### PROBLEM TO WORK ON
Your answer should be the lines below from the one holding "العلامات: women's fashion, بنطلون" through the one holding "Jelisha 4427 Ganga", copied exactly and with nothing else.

### PROVIDED INFORMATION
'''

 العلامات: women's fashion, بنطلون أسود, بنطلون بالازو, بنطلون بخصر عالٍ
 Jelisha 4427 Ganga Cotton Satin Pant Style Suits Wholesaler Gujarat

'''
'''

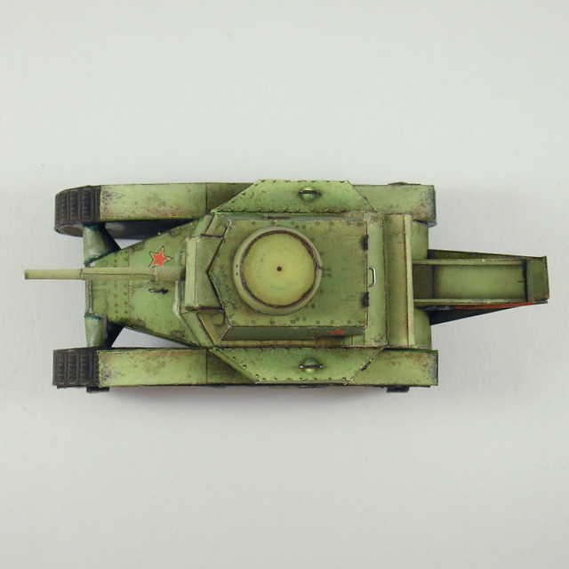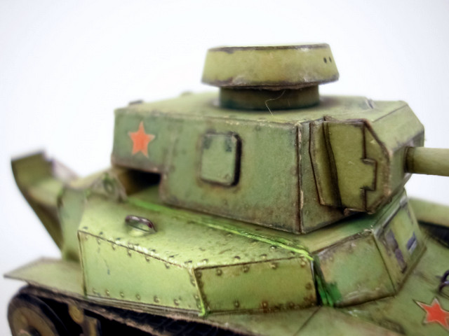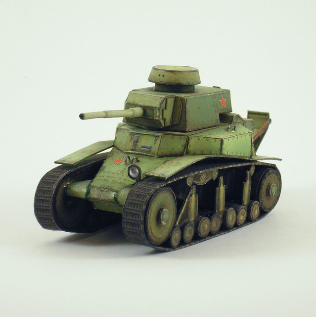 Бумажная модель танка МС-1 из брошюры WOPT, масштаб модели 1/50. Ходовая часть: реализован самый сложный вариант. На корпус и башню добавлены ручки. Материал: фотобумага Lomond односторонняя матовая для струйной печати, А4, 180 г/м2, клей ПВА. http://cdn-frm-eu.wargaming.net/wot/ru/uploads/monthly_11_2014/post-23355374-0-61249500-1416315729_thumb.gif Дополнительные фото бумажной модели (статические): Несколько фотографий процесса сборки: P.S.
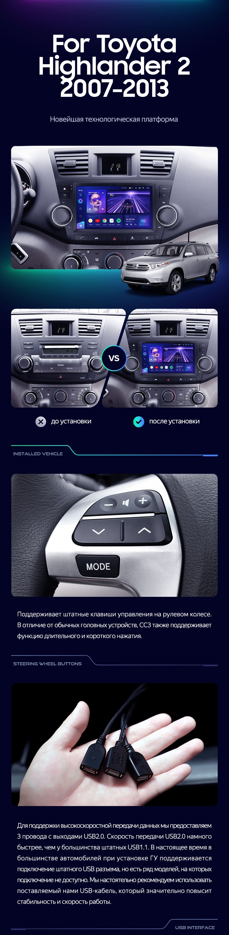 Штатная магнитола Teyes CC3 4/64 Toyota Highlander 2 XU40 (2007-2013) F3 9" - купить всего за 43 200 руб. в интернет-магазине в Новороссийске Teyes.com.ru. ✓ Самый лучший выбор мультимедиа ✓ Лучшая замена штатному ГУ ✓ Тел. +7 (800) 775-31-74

'''

### RESULT OF THIS EXERCISE
 العلامات: women's fashion, بنطلون أسود, بنطلون بالازو, بنطلون بخصر عالٍ
 Jelisha 4427 Ganga Cotton Satin Pant Style Suits Wholesaler Gujarat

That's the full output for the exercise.